Abstract

Wetlands provide critical habitat for birds and endangered species, and can be influenced by shifts in water availability and land use. The Landsat image archive can help both document historical wetland change and monitor current dynamics, but multi-decadal retrospective studies face two important challenges: 1) many important ecohydrological processes occur at scales finer than the field of view of a 30 m Landsat pixel, and 2) ecologically meaningful wetland response units frequently exhibit spatiotemporal complexity in both vegetation and surface water which may not be well-represented by a simple study area spatial mean. Here we explore a novel method for contending with these challenges with application to the rapidly changing Andrade Mesa wetlands along the US-Mexico border.
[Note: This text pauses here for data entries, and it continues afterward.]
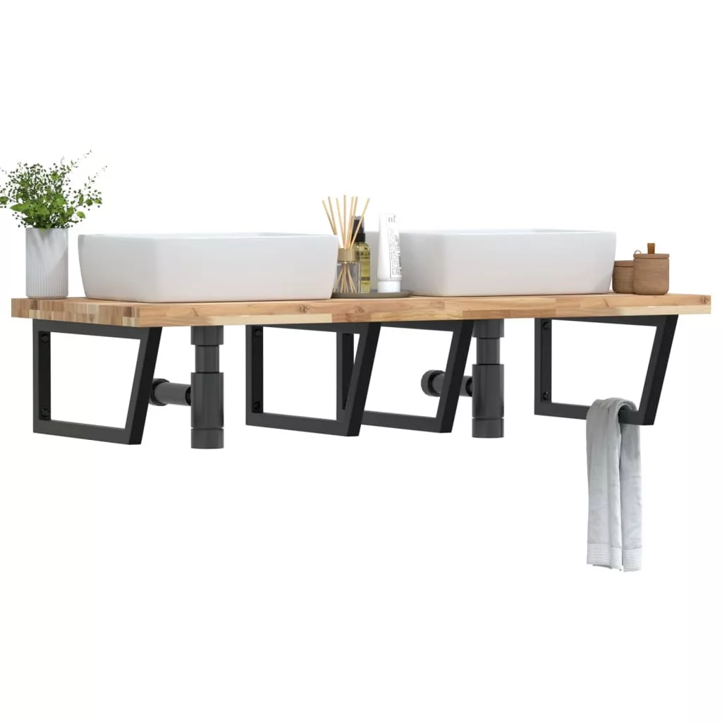 A falra szerelhető mosdópolc biztonságosan a falhoz rögzíthető, elegáns és helytakarékos megoldást nyújtva fürdőszobájának. Erős és tartós: Ez a mosdópolc acélszerkezettel és tömör akácfa lappal lett ellátva, így erős, stabil és hosszú élettartamú.Helytakarékos: A függő mosdókagylópolc bőséges helyet kínál krémek és apróbb tárgyak tárolására. A trapéz alakú formának köszönhetően törölközőket vagy egyéb dolgokat akaszthat a tartóra, hogy helyet takarítson meg.Könnyen használható: A munkalap fúratlan, így a mosdó balra, jobbra vagy középre szerelhető, a helyiség igényeitől függően. A tartóba előre fúrt furatoknak köszönhetően könnyen összeszerelhető az asztallappal és a falra szerelhető.Széleskörű felhasználási terület: Modern kialakításának köszönhetően további helyet biztosít különféle típusú fürdőszobáknak. Jó tudni:A csavarokat nem tartalmazza, a csavarokat megvásárolhatja külön az alábbi információk alapján.Fali rögzítés: konzolonként 2 db M8 feszítőcsavarFa lap: 2 db M5x18 csavar (T=2) vagy 2 db M5x20 csavar (T=2,5/4cm) konzolonként
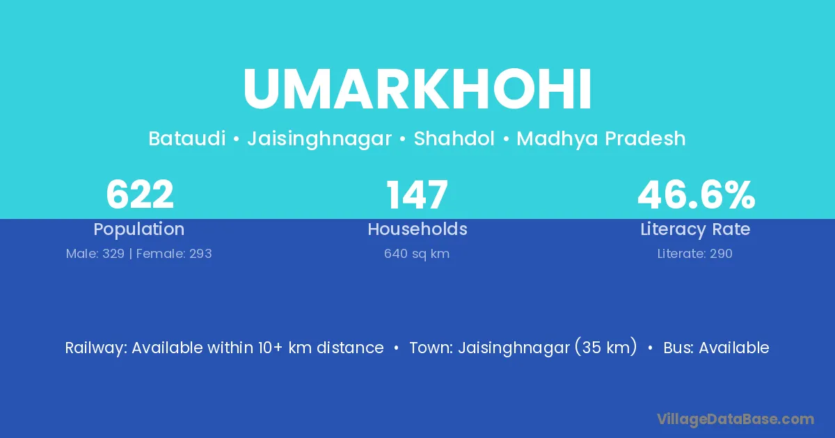 Jaisinghnagar (35 km) is the nearest town to Umarkhohi village for major economic activities and is located approximately 35 km away.
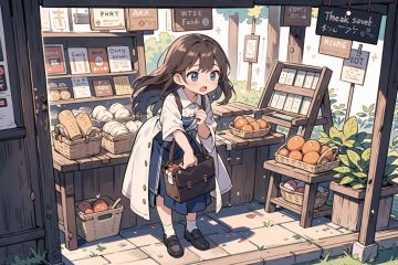 masterpiece,best quality,from_above,dutch_angle,full_body,facing to the side,1girl,market_stall,wicker_basket,shouting,leaning_forward,hands on counter,

Using a 26-year (1995–2021) Landsat image time series, we track changes in surface water and vegetation using green vegetation (V) and dark (D) fractions estimated from spectral mixture analysis (SMA). Spatiotemporal dynamics in both V and D fractions were characterized using two techniques: linear Principal Component Analysis (PCA) and nonlinear manifold learning (via Uniform Manifold Approximation and Projection; UMAP). Bounding temporal endmembers were identified from PCA and used to construct a temporal mixture model which quantified total area of surface water and vegetation loss, including an uncertainty estimate. UMAP clearly distinguished areas with differing onset of vegetation and water loss which were not identifiable using PCA. Change maps were then associated with different mechanisms and outcomes, including possible mechanical clearing of vegetation and unexpected greening of woody vegetation. The overall timing of surface water and vegetation decline follows the lining of the All-American Canal, suggesting a potential cross-border hydrologic association between loss of a wetland in Mexico and water efficiency measures implemented in the United States.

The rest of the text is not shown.